Как бы то ни было, но на мое насмешливое замечание Тюлин отвечает совершенно серьезно:

– Ежели без товару, само собой обождут. Неужто повезу? Голову всеё разломило…

VI

Парохода все нет. Говорят, за час до прихода он будет еще «кричать» где-то, на одной из вышележащих пристаней, но когда, часа через три, пошатавшись по селу и напившись чаю, я подхожу опять к берегу, о пароходе ничего не известно. Река продолжает играть и даже разыгралась совсем не на шутку. Тюлин тащится к своему шалашу по колени в воде, лениво шлепая босыми ногами по зеленой потопшей траве; он весь мокрый, широкие штаны липнут к его ногам, мешая идти; сзади, на чалке, тащится за Тюлиным давешняя старая лодка, которую согласно предсказанию знатока-перевозчика унесло-таки течением.

– Что, Тюлин, здоров ли?

– Слава богу. Не крепко чтой-то. Давай на ту сторону поедем.

– Зачем?

– Вишь, склёка[92]92
  Склёка – тревога.


[Закрыть]
вышла. Плоты Ивахински река разметывать хочет.
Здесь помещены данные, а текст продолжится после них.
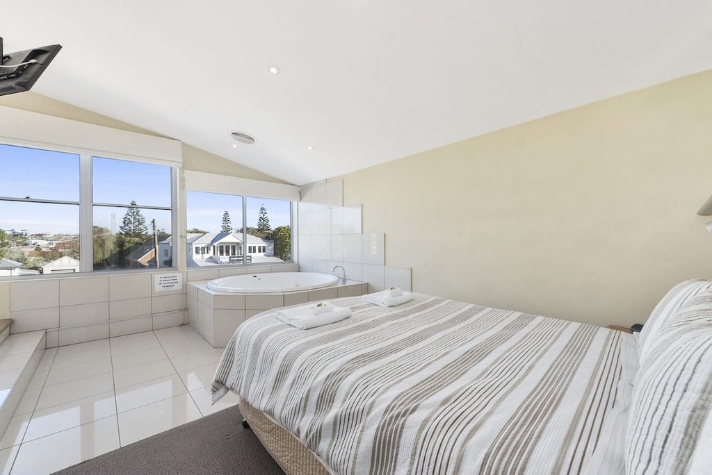The 1st level offers bedroom 1 with queen bed, doona, pillows, 2 x reading lamps and an electric wall heater. Bedroom 2 offers 2 double bunks (1 with trundle), doonas, pillows, electric wall mounted heater and a wall mounted smart TV. There is a large well appointed, modern bathroom located adjacent to the bedrooms containing bath, separate shower, toilet & vanity. The 2nd level comprises bedroom 3 with a queen bed, doona, pillows, reading lamps and fully appointed en suite. The toilet/powder room is also located separately to the bathroom area. The bedroom also features a large round spa with a wall mounted TV, where you can sit back and relax and enjoy the bubbles with a glass of wine.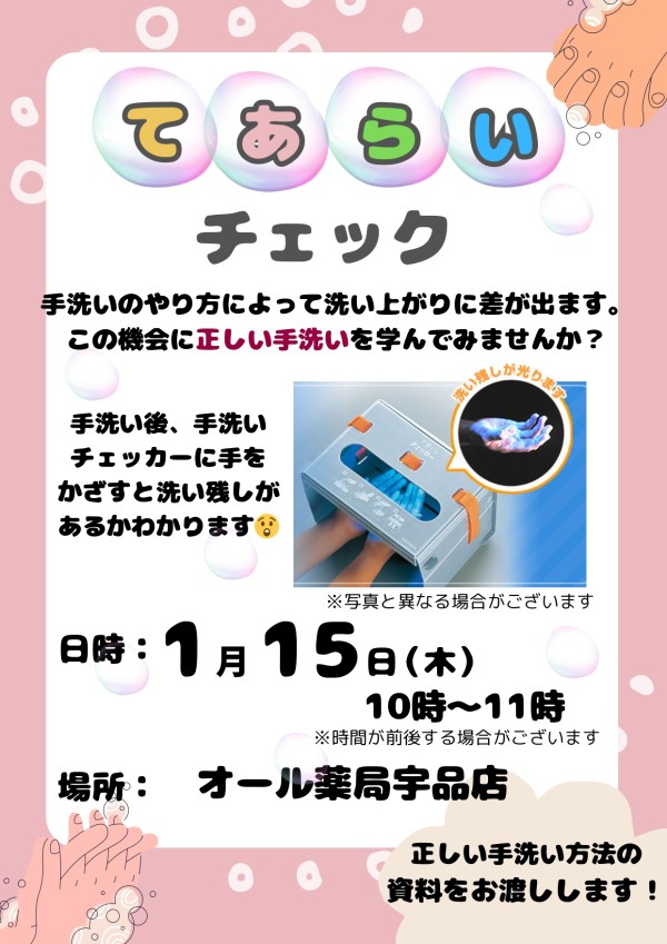 予約不要で、希望者の方に正しい手洗いが出来ているか体験していただけます。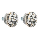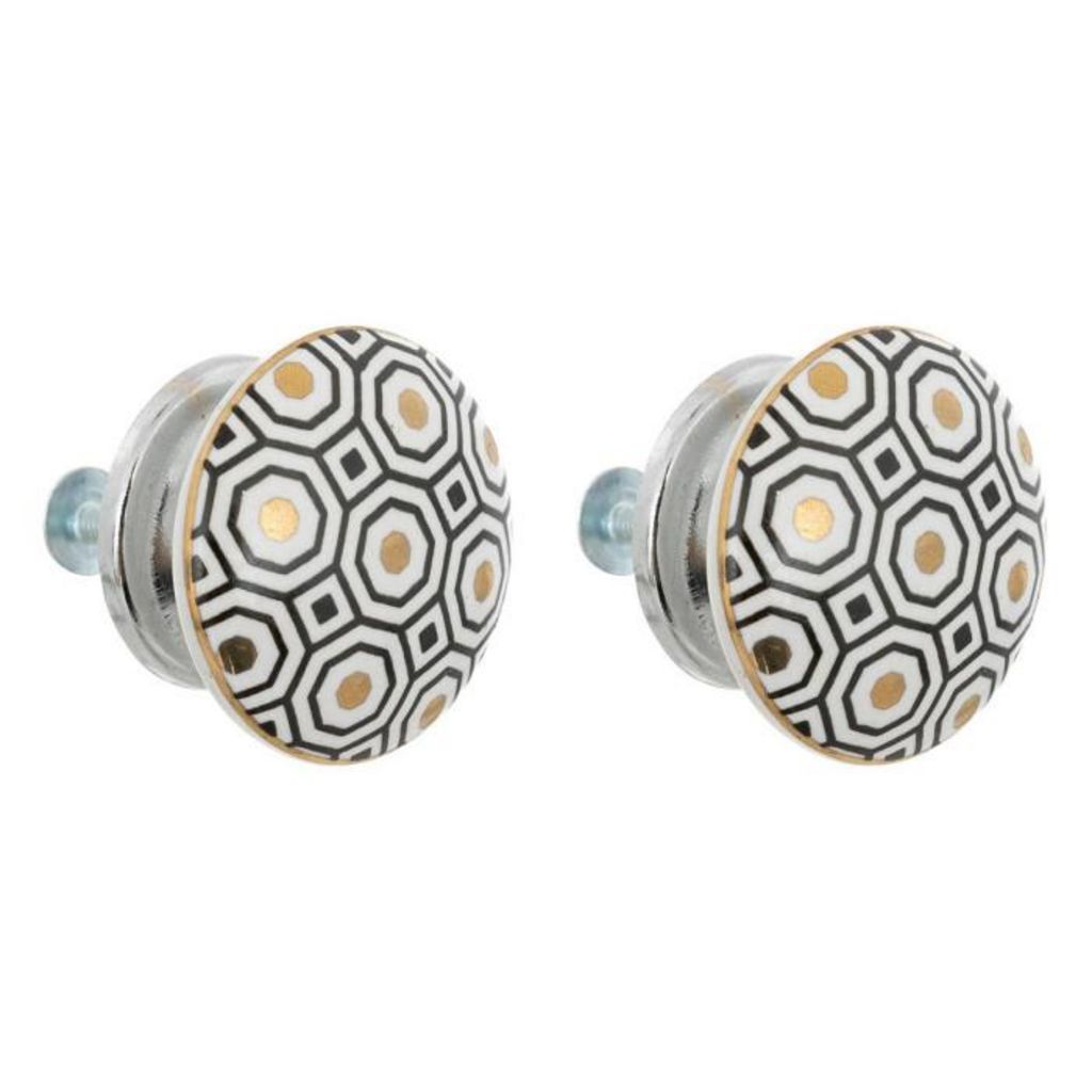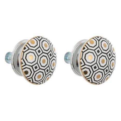 Informations Techniques : Dimensions : D. 4 x H. 4,6 cm Matières : Grès & Métal Spécificités : Déco & Pratique Lot de 2 boutons de meuble Motif imprimé Forme ronde Poids : 0,03 kg Couleur : Blanc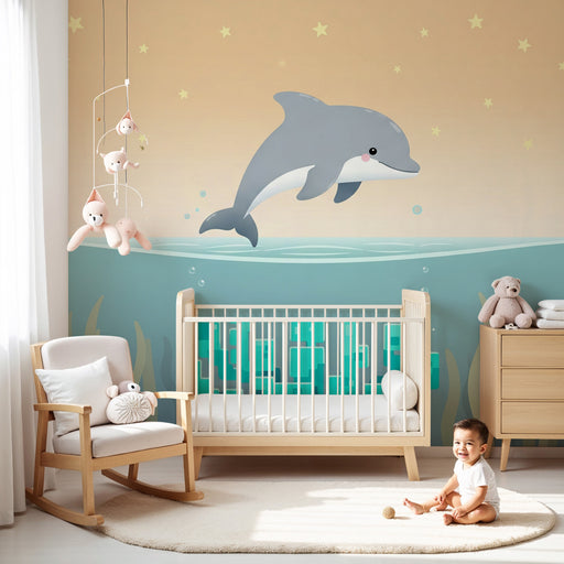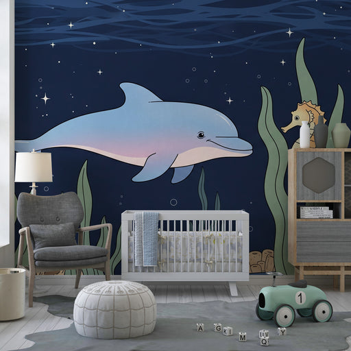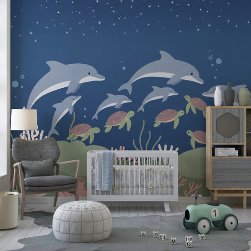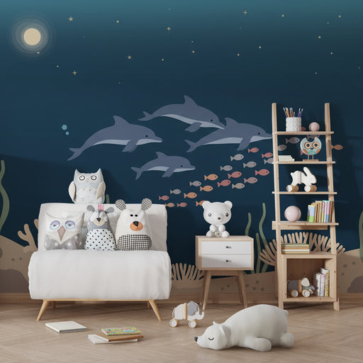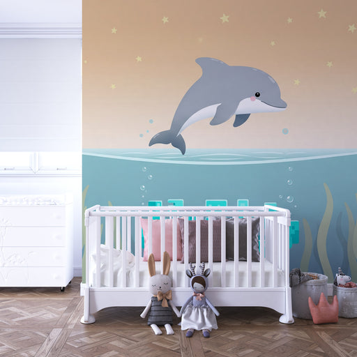 KidsWallPonořte sa do upokojujúceho sveta oceánu s touto tapetou do izby pre bábätká. Živý hravý delfín pláva radostne pod hviezdami, zatiaľ čo jemný mesia...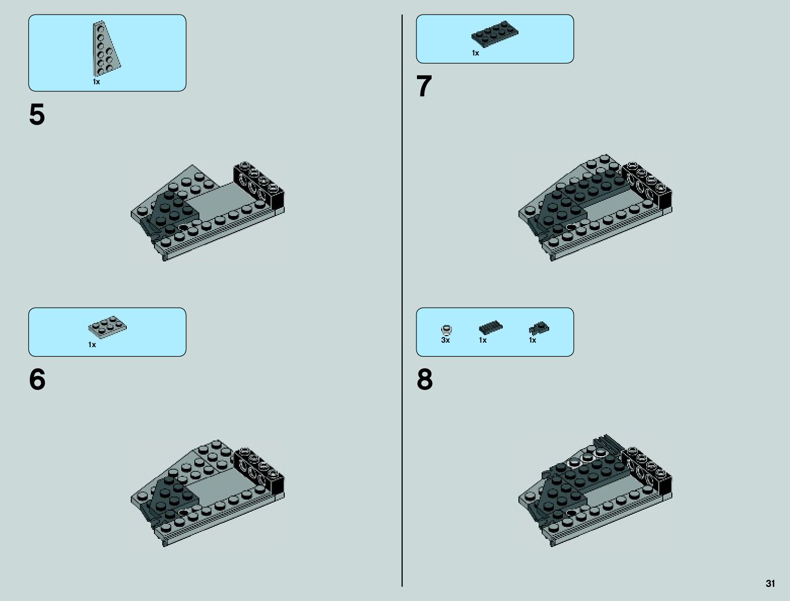 The assembly guide is prepared in a very understandable way for children and adult LEGO enthusiasts. A total of 240 picture galleries are shown, explaining the step-by-step construction stages for 3 different structures.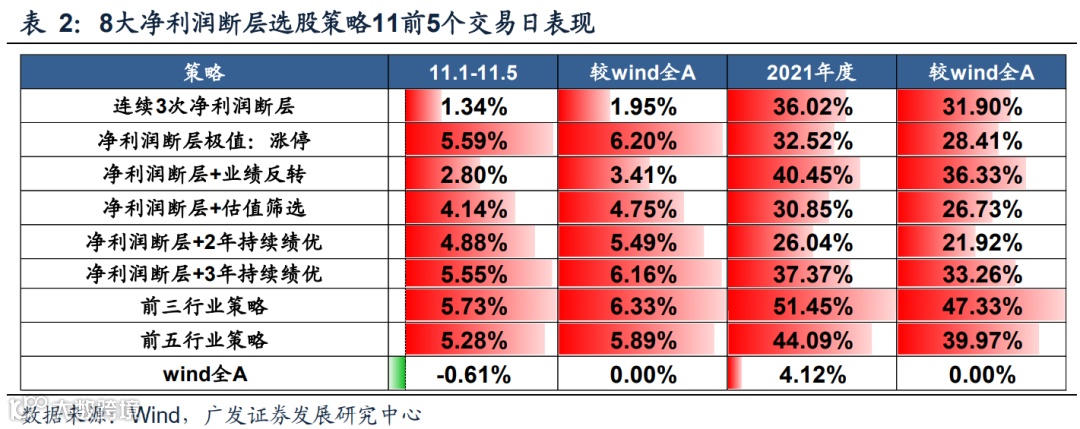 从绝对收益角度来看,11月前5个交易日万得全A收跌,但8大净利润断层策略均获得正收益;从相对收益角度来看,11月前5个交易日中,8大净利润策略中超额收益由高至低是:前三行业策略(超额收益6.33%,下同)>涨停策略(6.20%)>3年持续绩优(6.16%)>前五行业策略(5.89%)>2年持续绩优(5.49%)>估值筛选策略(4.75%)>业绩反转策略(3.41%)>连续3次净利润断层(1.95%)。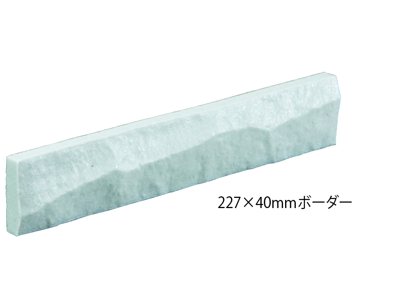 岩のような強固さと野趣あふれるハツリ面。 洗練された都会的なスピリッツがボーダーというサイズに表れ「粋」を感じさせてくれます。 【注意事項】 ●焼きもの特有の色幅があります。 ●役物は全て接着加工となります。 【施工上のご注意】 ●タイル表面にモルタルが付着しないよう十分配慮して施工を行ってください。 ●塗り目地施工はできません。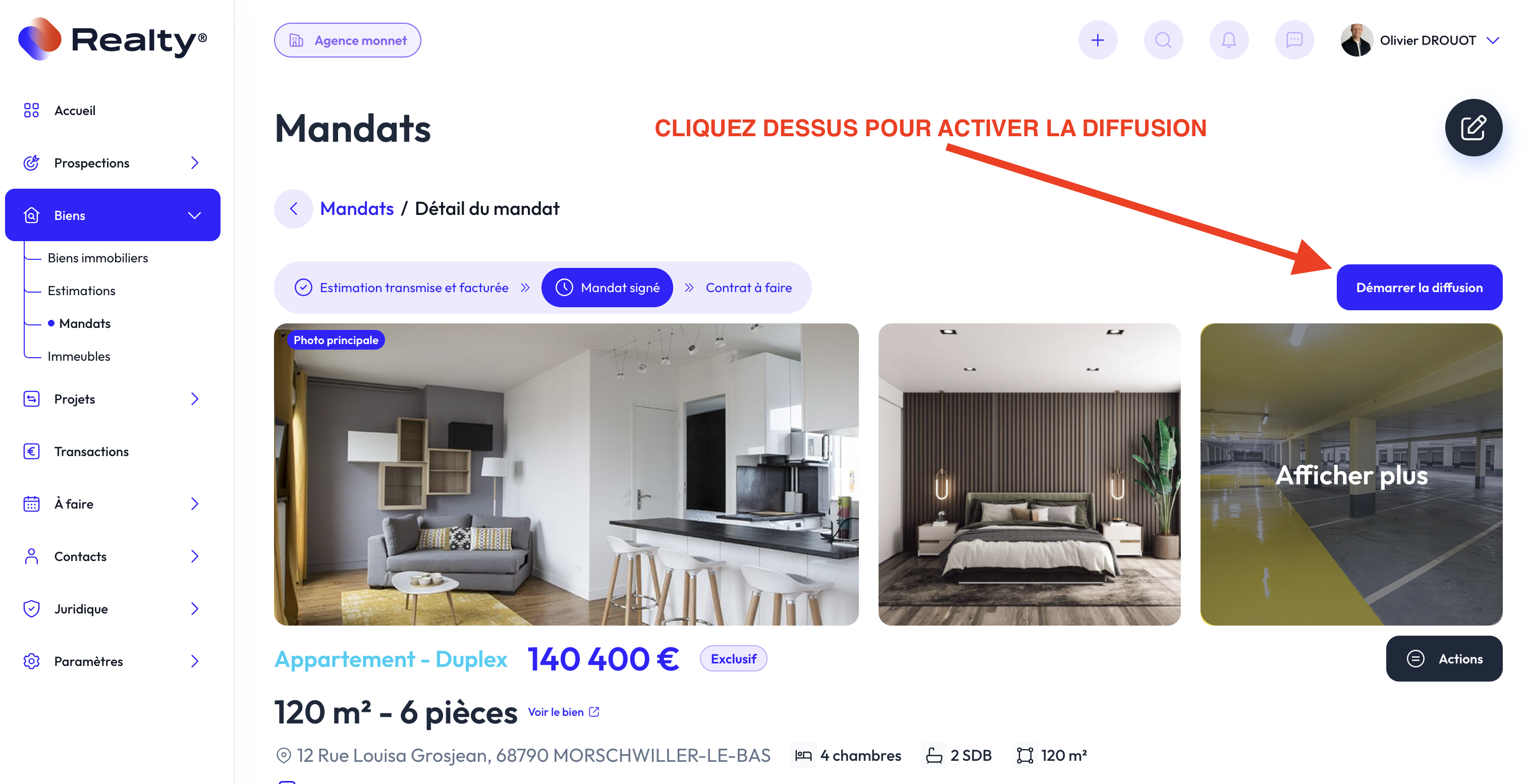 - Allez dans Biens -> Mandats.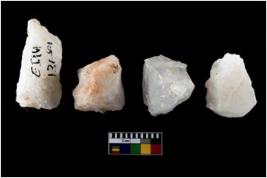 | Description / विवरण | Four utilised worked cores with sharp edges. Flakes removed from almost all the sides. Some are tapering at one end. |

– Тебе-то что же?.. Разве забота?

– А гляди-ко, Ивахин четвертуху волокет. Да что четвертуха! Тут, брат, и полуведром поступишься…

К берегу торопливою походкой приближался со стороны села мужчина лет сорока пяти, в костюме деревенского торговца, с острыми, беспокойными глазами. Ветер развевал полу его чуйки[93]93
  Чуйка – длинный суконный кафтан.


[Закрыть]
, в руке сверкала посудина с водкой. Подойдя к нам, он прямо обратился к Тюлину:

– Что, приплескиват?

– Беды! – ответил Тюлин. – Чай, сам видишь.

– А плотишки у меня поняла уж?

– Подхватыват, да еще не под силу. А гляди, подымет. Лодку у меня даве слизнула, – в силу, в силу бегом догнал за перелеском…

– Ну?

– То-то. Вишь, вымок весь до нитки.

– Ах ты! – отчаянно сказал купец, ударив себя по бедру свободною рукой. – Не оглянешься, – плоты у меня размечет. Что убытку-то, что убытку! Ну и подлец народ у нас живет! – обратился он ко мне.

– Чего бы я напрасно лаял православных, – заступился за своих Тюлин. – Чай, у вас ряда была…

– Была.

– На песок возить?

– То – то на песок.

– Ну-к на песке и есть, не в другим месте.

– Да ведь, подлецы вы этакие, река песок-то уж покрывает!

– Как не покрыть, – покроет. К утру, что есть, следу не оставит.

– Вот видишь! А им бы, подлецам, только песни горланить. Ишь орут! Им горюшка мало, что хозяину убыток…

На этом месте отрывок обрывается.